> **Given records**:

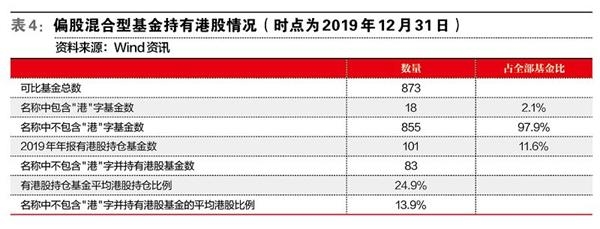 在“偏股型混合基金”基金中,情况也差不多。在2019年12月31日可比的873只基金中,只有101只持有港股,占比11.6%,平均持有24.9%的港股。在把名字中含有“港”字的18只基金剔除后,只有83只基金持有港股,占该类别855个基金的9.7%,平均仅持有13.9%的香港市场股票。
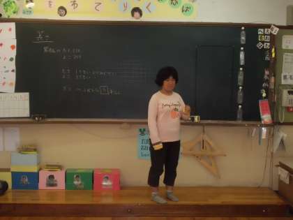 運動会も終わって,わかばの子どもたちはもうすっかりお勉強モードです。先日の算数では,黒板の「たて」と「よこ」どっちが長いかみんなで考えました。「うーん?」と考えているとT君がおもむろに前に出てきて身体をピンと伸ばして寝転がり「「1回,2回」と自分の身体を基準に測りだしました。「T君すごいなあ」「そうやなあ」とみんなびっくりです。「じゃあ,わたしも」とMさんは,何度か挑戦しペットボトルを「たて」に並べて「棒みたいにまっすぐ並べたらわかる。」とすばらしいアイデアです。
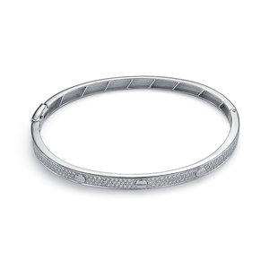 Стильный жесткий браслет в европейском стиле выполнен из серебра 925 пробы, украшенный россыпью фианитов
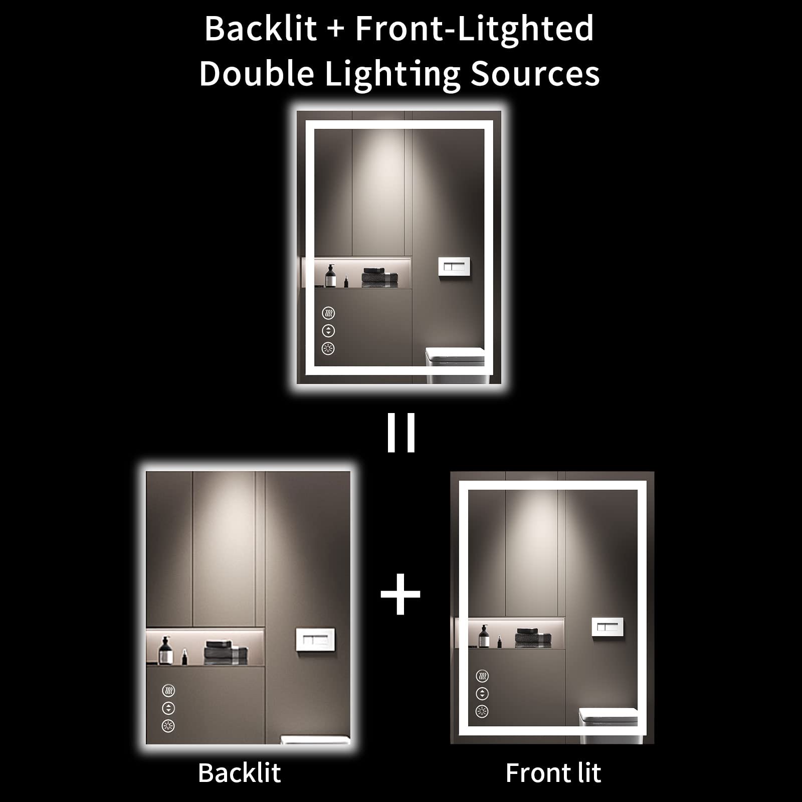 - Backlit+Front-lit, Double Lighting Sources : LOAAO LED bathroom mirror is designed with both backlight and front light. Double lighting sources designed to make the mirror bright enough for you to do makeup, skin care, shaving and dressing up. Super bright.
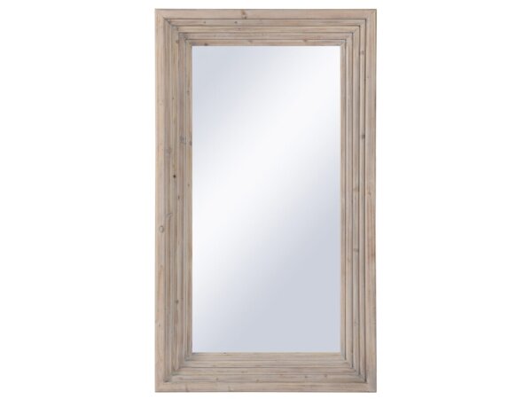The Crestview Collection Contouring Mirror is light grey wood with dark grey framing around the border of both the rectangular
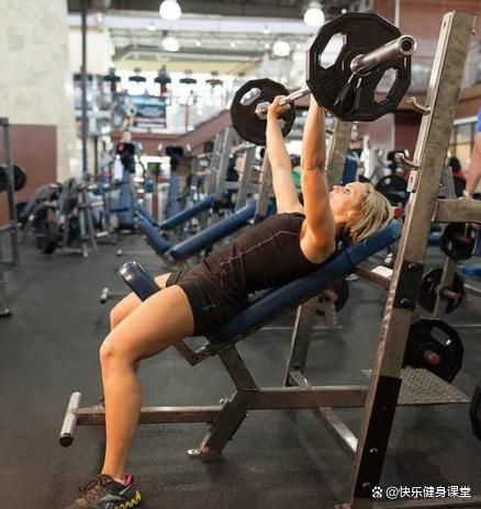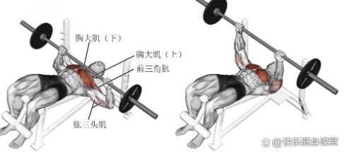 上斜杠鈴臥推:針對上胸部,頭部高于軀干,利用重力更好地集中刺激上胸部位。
...
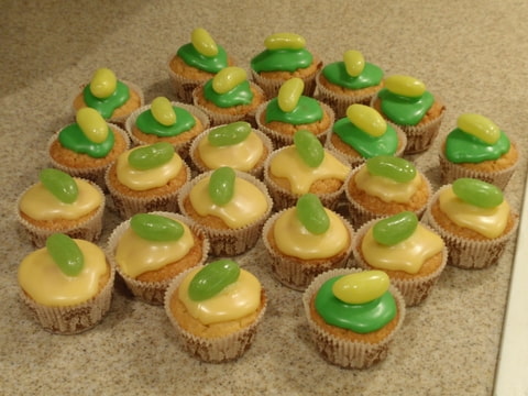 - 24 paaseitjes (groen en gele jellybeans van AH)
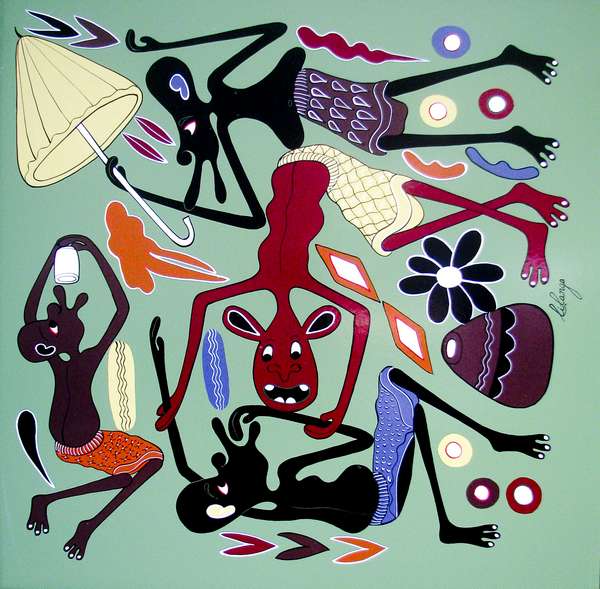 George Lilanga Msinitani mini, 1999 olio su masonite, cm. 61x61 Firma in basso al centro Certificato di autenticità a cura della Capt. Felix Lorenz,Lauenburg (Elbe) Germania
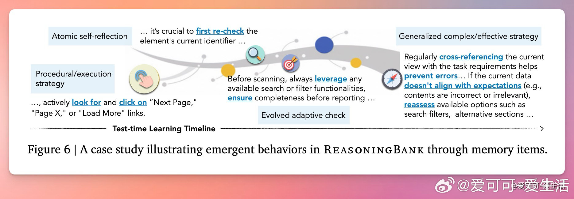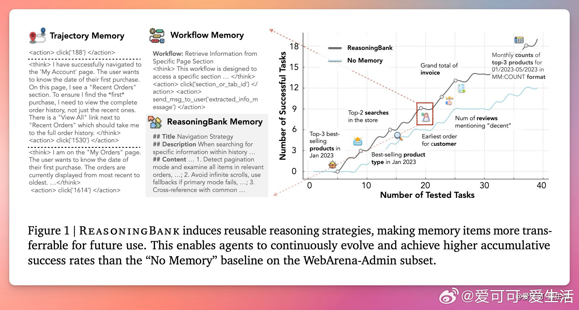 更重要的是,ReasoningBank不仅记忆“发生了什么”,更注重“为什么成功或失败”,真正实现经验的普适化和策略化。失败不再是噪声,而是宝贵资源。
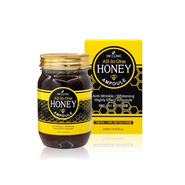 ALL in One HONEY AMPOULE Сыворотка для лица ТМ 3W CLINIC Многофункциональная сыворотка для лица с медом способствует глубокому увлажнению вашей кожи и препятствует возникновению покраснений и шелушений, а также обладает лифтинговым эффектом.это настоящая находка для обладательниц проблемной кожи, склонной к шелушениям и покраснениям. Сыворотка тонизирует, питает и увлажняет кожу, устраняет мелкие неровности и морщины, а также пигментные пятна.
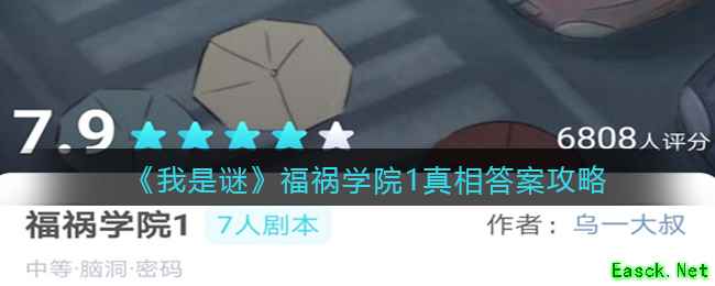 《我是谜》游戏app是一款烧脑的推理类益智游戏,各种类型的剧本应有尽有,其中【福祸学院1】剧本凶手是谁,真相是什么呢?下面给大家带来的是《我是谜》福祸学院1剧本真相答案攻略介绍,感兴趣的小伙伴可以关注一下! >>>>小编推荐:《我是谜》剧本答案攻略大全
...
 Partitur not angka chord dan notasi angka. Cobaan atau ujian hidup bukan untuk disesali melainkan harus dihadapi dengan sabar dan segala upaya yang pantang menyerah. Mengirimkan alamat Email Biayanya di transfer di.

> **What to work on**: Where a picture appears in the records above, omit it, and transcribe exactly the stretch of lines from the one with "- Backlit+Front-lit, Double" through the one with "上斜杠鈴臥推:針對上胸部,頭部高于軀干,利用重力更好地集中刺激上胸部位。".

> **The answer**:
 - Backlit+Front-lit, Double Lighting Sources : LOAAO LED bathroom mirror is designed with both backlight and front light. Double lighting sources designed to make the mirror bright enough for you to do makeup, skin care, shaving and dressing up. Super bright.
The Crestview Collection Contouring Mirror is light grey wood with dark grey framing around the border of both the rectangular
 上斜杠鈴臥推:針對上胸部,頭部高于軀干,利用重力更好地集中刺激上胸部位。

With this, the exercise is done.